While much has been made in the media over Republican governors and state attorney generals threatening to dismantle the health care reform bill signed into law by President Obama last month, California’s Democratic leadership and Governor Schwarzenegger have made implementing the new law, with plenty of federal help, a top priority. 

This week, Senate leader Darrell Steinberg (D-Sacramento) and Assembly Speaker John Perez (D-Los Angeles) spent Wednesday in Washington, DC in meetings with Health and Human Services Secretary Kathleen Sebelius, House Speaker Nancy Pelosi (D-CA), and White House staff in hopes of securing billions of federal dollars to implement health care reform.

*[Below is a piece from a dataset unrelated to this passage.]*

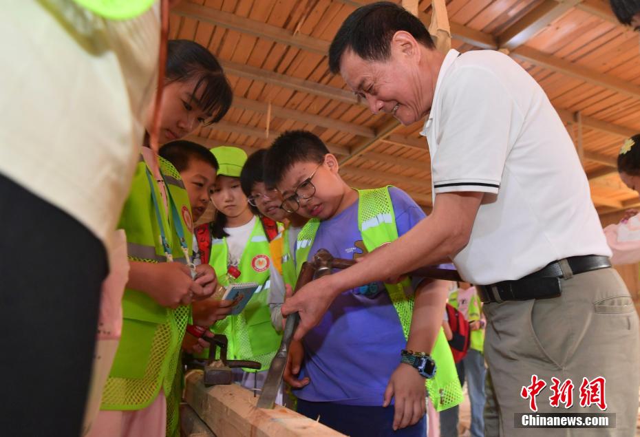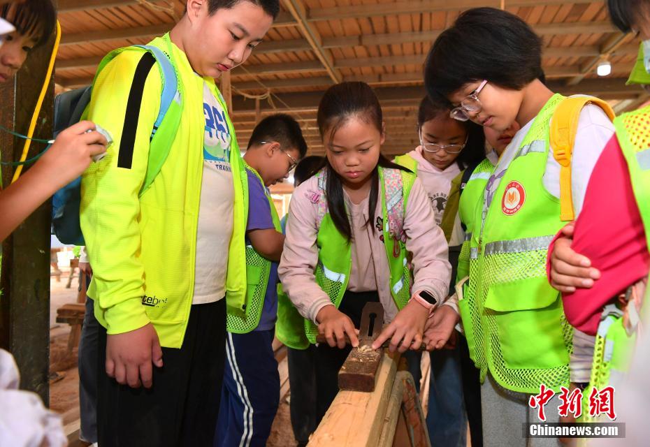 “世界龍舟看中國(guó),中國(guó)龍舟看福州,福州龍舟看方莊?!蔽挥诟=ㄊ「V菔虚}侯縣的方莊村,是中國(guó)最大的龍舟制造村,有著七百多年制作龍舟的歷史。隨著端午節(jié)臨近,方莊村內(nèi)的龍舟制造廠里,工匠們正加班加點(diǎn)趕制端午節(jié)的龍舟訂單。據(jù)統(tǒng)計(jì),目前該村每年能接到超過(guò)200艘龍舟的訂單,總產(chǎn)值約600萬(wàn)元人民幣。圖為5月25日,在方莊村的“龍舟世家”方忠雄龍舟廠里,前來(lái)參觀的小學(xué)生在體驗(yàn)傳統(tǒng)龍舟的制作工藝。中新社記者 張斌 攝
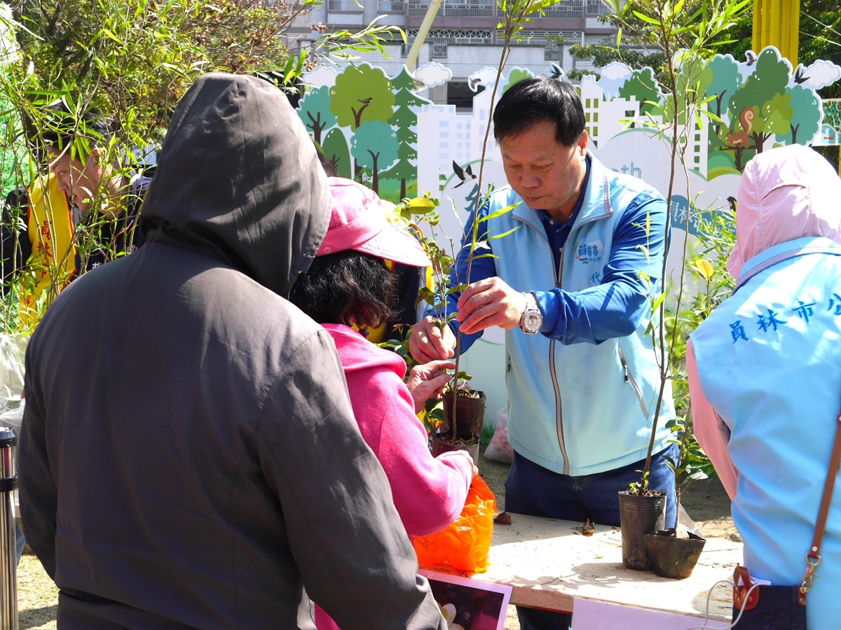 代理市長賴致富指出,3月12日就是植樹節,綠美化是政府推動愛地球的重要指標政策,今日藉由樹苗發放活動,讓植樹的概念深植在每位市民的心中,「前人種樹,後人乘涼」,就是一種非常好的觀念,只要種下一棵樹,就是為未來播下希望。植樹不僅能減碳、改善空氣品質、調節水源與鞏固土壤,更能美化環境、陶冶心靈,同時為鳥類、蝴蝶與昆蟲打造友善棲地,讓下一代擁有更永續、更美好的生活環境,誠摯邀請鄉親隨時加入植樹造林行列。

This DC visit follows a visit by the governor who is credited with bringing in $675 million for reimbursements for Medicare prescription drug benefits.

Specifically, Steinberg and Perez were seeking:

    •    A Medicaid waiver for $2 billion a year for the next five years to help California implement its health care system before major federal health reform measures take effect in 2014.  Specifically, the waiver is being sought for uninsured Californians who earn up to 200 percent of poverty (2010 Federal poverty level for a family of four is $22,050) so that they are eligible for Medi-Cal.

    •    A six-month extension of an enhanced federal match for the state's Medi-Cal and child welfare programs.

    •    A one-year extension of federal stimulus funding for social services.

On the other side, California Republican candidates for U.S. Senate are trashing the health care reform bill.  Both Carly Fiorina and Chuck DeVore have signed a pledge to repeal the law, while former Congressman Tom Campbell wants to repeal and replace the law. 

Each rely heavily on reforming medical malpractice and limiting lawsuits to deal with health care reform, despite the fact that each have a negligible impact on health care costs. 

While this approach may play well with the Republican base (59% of Republicans are less likely to support a candidate who supported health care reform), opposing the health care reform bill in the general election may prove to be a losing proposition

About 46% of California voters surveyed in the same poll said they would be more likely to vote for a politician who had supported the health bill, while 29% said they would not. Just over half said they believed the country would be better off because of the package.  And these are numbers before any of the benefits of health care reform have even kicked in.

Two approaches with two significantly different outcomes.  I guess we will know where Californians stand in November.